The incomplete efficacy of current surgical repair procedures of the tricuspid valve (TV) demands a deeper comprehension of the physiological TV biomechanics. To this purpose, computational models can provide quantitative insight into TV biomechanical response and allow analysing the role of each TV substructure.
We present here a three-dimensional finite element model of the tricuspid valve that takes into account most of its peculiar features. Experimental measurements were performed on human and porcine valves to obtain a more detailed TV anatomical framework. To overcome the complete lack of information on leaflets mechanical properties, we performed a sensitivity analysis on the parameters of the adopted non-linear hyperelastic constitutive model, hypothesizing three different parameter sets for three significant collagen fibre distributions.
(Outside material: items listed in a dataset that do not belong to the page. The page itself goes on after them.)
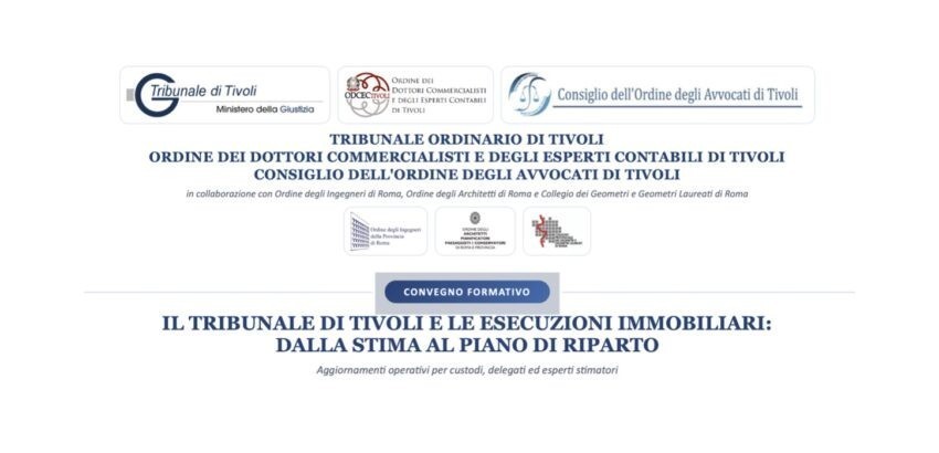 Si terrà il prossimo 7 maggio, dalle ore 14:30 alle 18:30, presso l’Hotel Cristallo Relais di Tivoli, il convegno formativo «Il Tribunale di Tivoli e le esecuzioni immobiliari: dalla stima al piano di riparto», un appuntamento dedicato agli aggiornamenti operativi per custodi, delegati ed esperti stimatori. L’iniziativa è promossa dal Tribunale Ordinario di Tivoli insieme all’Ordine dei Dottori Commercialisti e degli Esperti Contabili di Tivoli e al Consiglio dell’Ordine degli Avvocati di Tivoli, in collaborazione con l’Ordine degli Architetti PPC di Roma e Provincia, l’Ordine degli Ingegneri di Roma e il Collegio dei Geometri e Geometri Laureati di Roma. Tra i saluti istituzionali è prevista la partecipazione del consigliere OAR, Raffaele Bencardino.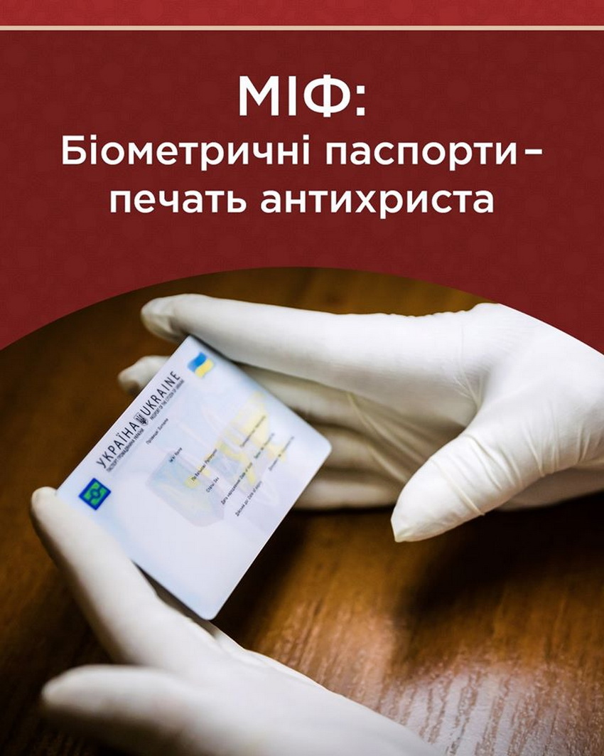 «Чим тільки не залякують людей – втратою приватності, «відреченням від Господа», «печаткою антихриста». І все це – начебто від імені Церкви. Втім, насправді Православна Церква України не засуджує використання вірянами біометричних паспортів, адже вони є лише одним із проявів наукового і технологічного прогресу. Жодного релігійного підґрунтя у біометричного паспорту немає», - зазначено в дописі на сторінці.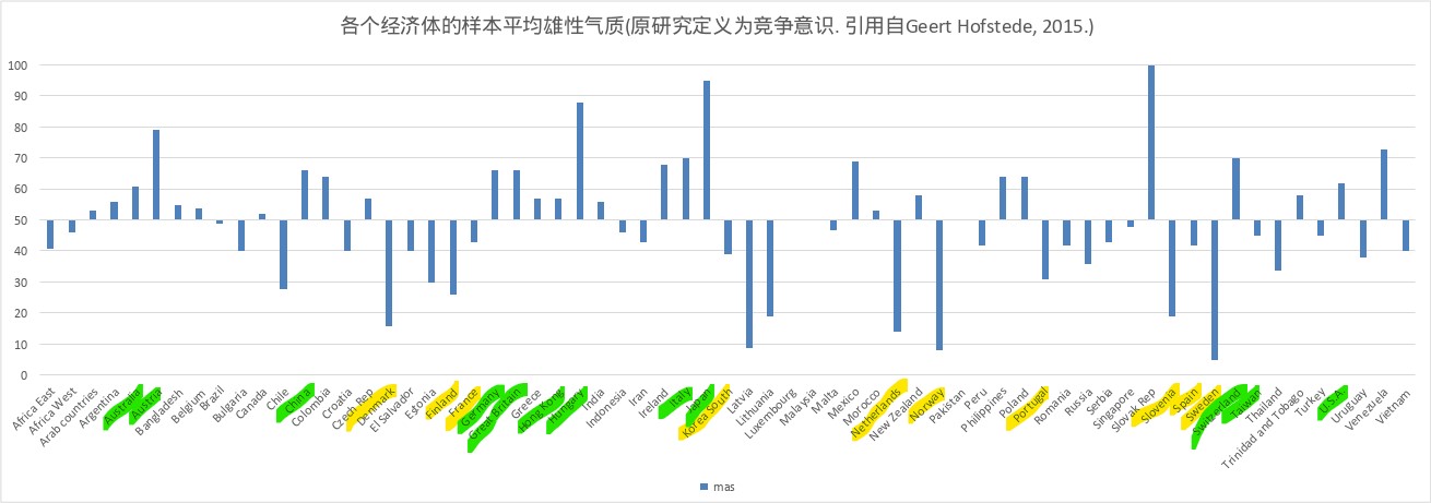 | 当前 | 2026年4月14日 (二) 14:04 | 1,310 × 461(97 KB) | %login%(讨论 | 贡献) | 多个国家的“雄性气质”文化维度。这里的高“雄性气质”指竞争意识超过合作意识,低“雄性气质”指合作意识超过竞争意识。数据链接:geerthofstede.com/research-and-vsm/dimension-data-matrix |

Results showed that leaflets' motion and maximum principal stress distribution were almost insensitive to the different material parameters considered. Highest stresses (about 100 kPa) were located near the annulus of the anterior and septal leaflets, while the posterior leaflet experienced lower stresses (about 55 kPa); stresses at the commissures were nearly zero. Conversely, changes in constitutive parameters deeply affected leaflets' strains magnitude, but not their overall pattern. Strains computed assuming that TV leaflets tissue are reinforced by a sparse and loosely arranged network of collagen fibres fitted best experimental data, thus suggesting that this may be the actual microstructure of TV leaflets.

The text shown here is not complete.